RECORDED INFORMATION:

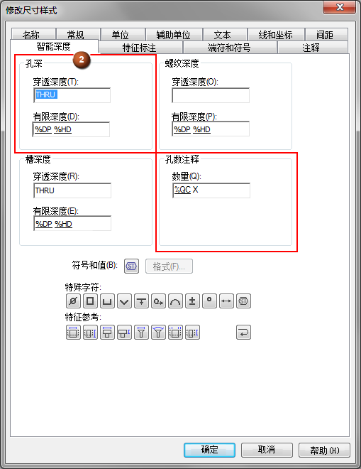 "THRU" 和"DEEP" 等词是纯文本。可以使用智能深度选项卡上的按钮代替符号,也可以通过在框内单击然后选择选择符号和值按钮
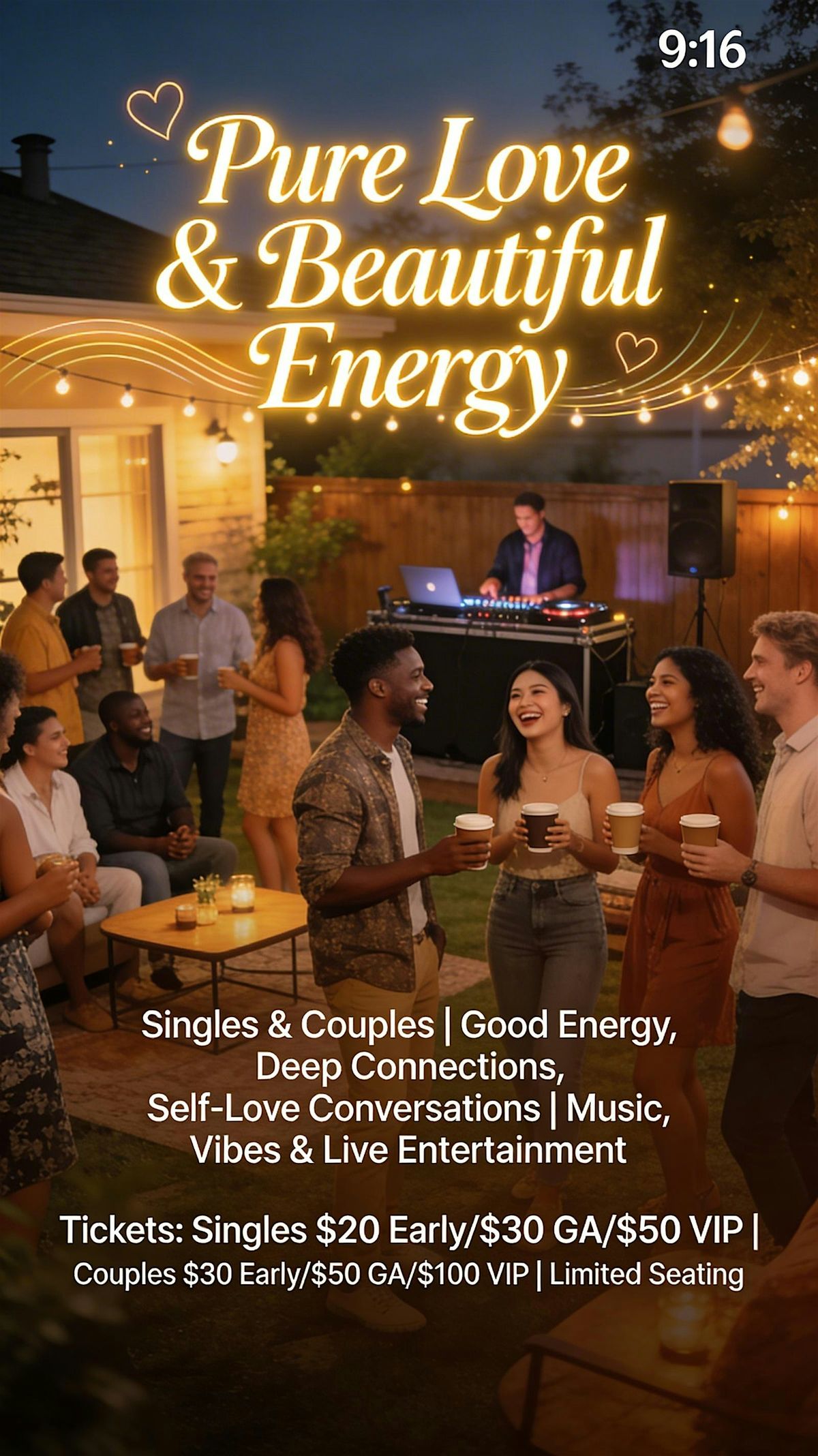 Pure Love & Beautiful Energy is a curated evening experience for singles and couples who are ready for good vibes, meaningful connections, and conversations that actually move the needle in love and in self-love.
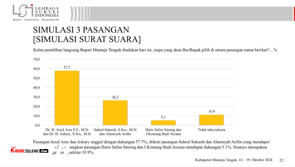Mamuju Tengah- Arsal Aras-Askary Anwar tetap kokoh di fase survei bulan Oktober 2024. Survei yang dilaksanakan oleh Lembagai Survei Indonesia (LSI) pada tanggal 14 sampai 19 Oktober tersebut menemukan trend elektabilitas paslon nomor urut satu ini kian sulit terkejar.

THE TASK: Each line of the data should be quoted exactly, with pictures left out.

TASK RESPONSE:
 "THRU" 和"DEEP" 等词是纯文本。可以使用智能深度选项卡上的按钮代替符号,也可以通过在框内单击然后选择选择符号和值按钮
 Pure Love & Beautiful Energy is a curated evening experience for singles and couples who are ready for good vibes, meaningful connections, and conversations that actually move the needle in love and in self-love.
Mamuju Tengah- Arsal Aras-Askary Anwar tetap kokoh di fase survei bulan Oktober 2024. Survei yang dilaksanakan oleh Lembagai Survei Indonesia (LSI) pada tanggal 14 sampai 19 Oktober tersebut menemukan trend elektabilitas paslon nomor urut satu ini kian sulit terkejar.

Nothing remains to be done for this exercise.